Última actualización: 31 de julio de 2020
El tribunal de arbitraje más alto del SPD ha confirmado la exclusión de Thilo Sarrazin del partido político más antiguo de Alemania. La audiencia se celebró públicamente el 31 de julio de 2020 en la Casa Willy Brandt de Berlín. Thilo Sarrazin, de 75 años, exsenador de Finanzas de Berlín, había anunciado previamente que recurriría a la justicia ordinaria contra la inminente expulsión del partido, «llegando hasta el Tribunal Constitucional Federal».
Un primer intento de la dirección del SPD por expulsar al ahora incómodo pensador lateral ya había fracasado en 2010. El detonante del proceso, que ahora ha prosperado ante los tribunales del partido, fue el libro de Sarrazin "Adquisición hostil: cómo el Islam obstaculiza el progreso y amenaza a la sociedad".
El proceso de expulsión demuestra cuán drásticamente ha cambiado la comprensión de la democracia y el progreso por parte de los socialdemócratas dentro del partido. ¡August Bebel y Friedrich Engels se revolverían en sus tumbas!
Imaginen si hace cien años un socialdemócrata (sin comillas) hubiera publicado un libro titulado "Operación hostil: Cómo el catolicismo obstaculiza el progreso y amenaza a la sociedad". O si incluso se hubiera centrado en el "fascismo" en lugar del "catolicismo". ¿Habría sido concebible un pogromo interno dentro del SPD y un proceso de expulsión contra el autor del libro? ¡Ni hablar!
La actitud de quienes, al frente del SPD hoy, traicionan el legado de la antigua Ilustración, ya no pretende sustituir las aparentes certezas metafísicas por una visión del mundo con base científica.

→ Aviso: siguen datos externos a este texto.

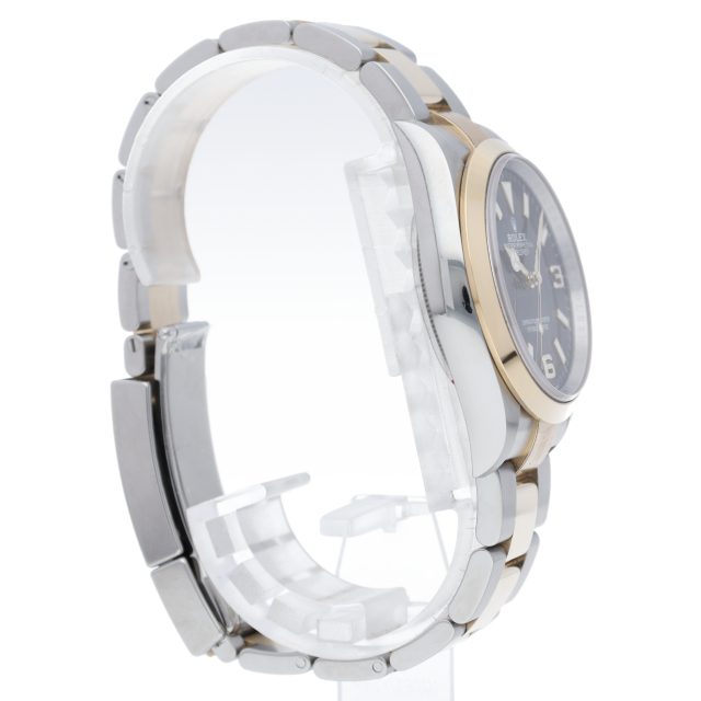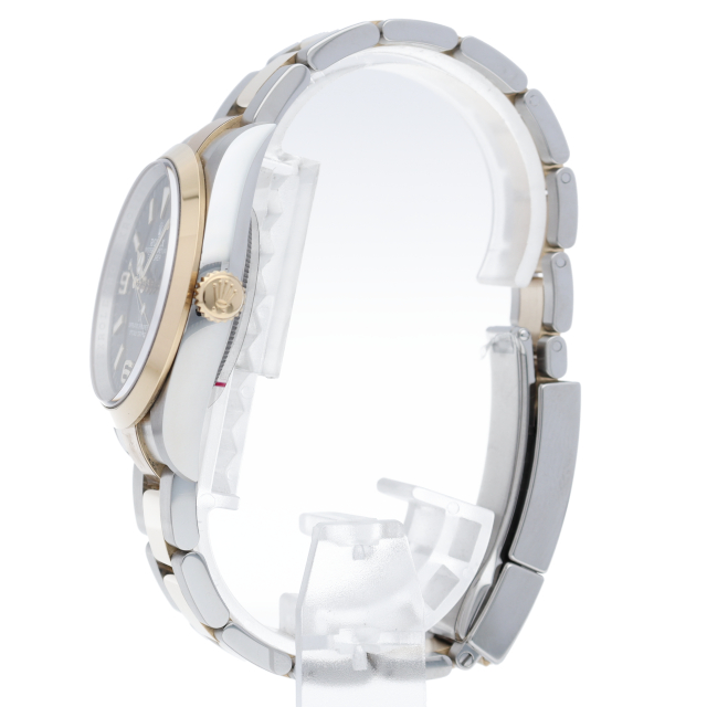 新たに加わったイエローゴールドとステンレスのコンビモデルのRef.124273も、124270と同様に36mmケースでの登場となりました。ムーブメントには、高いエネルギー効率と信頼性を両立させるロレックス特許のクロナジーエスケープメントを採用し、シリコン製ヘアスプリングと高性能パラフレックスショックアブソーバを装備した70時間パワーリザーブのキャリバー3230を搭載。

Más bien, perciben la crítica religiosa como "racismo", al menos cuando se dirige contra la religión de los extranjeros, quienes aparentemente gozan de la protección especial de la actual dirección del SPD. Cualquier otra interpretación equivaldría a la conclusión de que toda la clase política de la República Federal de Alemania, y por ende también los dirigentes socialdemócratas, han cometido errores en su política de inmigración desde la década de 1960 y han provocado una regresión social en el país. Pero esto es precisamente lo que la dirección del SPD no puede ni quiere admitir.

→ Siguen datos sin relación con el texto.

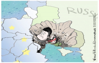 Конкретно, уже на местности, начата подготовка свержения Порошенко: "Правый сектор" объявил о создании в регионах Бандерии пунктов (и ревкомов!) по проведению референдума для сноса режима "мирным путём", а президент занят утверждением новой формы для армии... Его обкладывают со всех сторон, как Януковича, уже и "Батькивщина" Тимошенко и радикальный Ляшко подключились к травле президента, а он "полицейскую академию" созидает, очередной повод для зубоскальства...

Porque cualquier otra cosa sería una declaración de bancarrota política. El SPD y el multiculturalismo están tan unidos como el pegamento. La actitud de la dirección del SPD hacia Thilo Sarrazin lo deja claro: quien critica el multiculturalismo ataca al SPD.
Este es el comportamiento de gente testaruda, decidida a enterrar sus errores. ¡Y así sea! Con la ilusión multicultural, el SPD también desaparecerá del escenario político. Va por buen camino.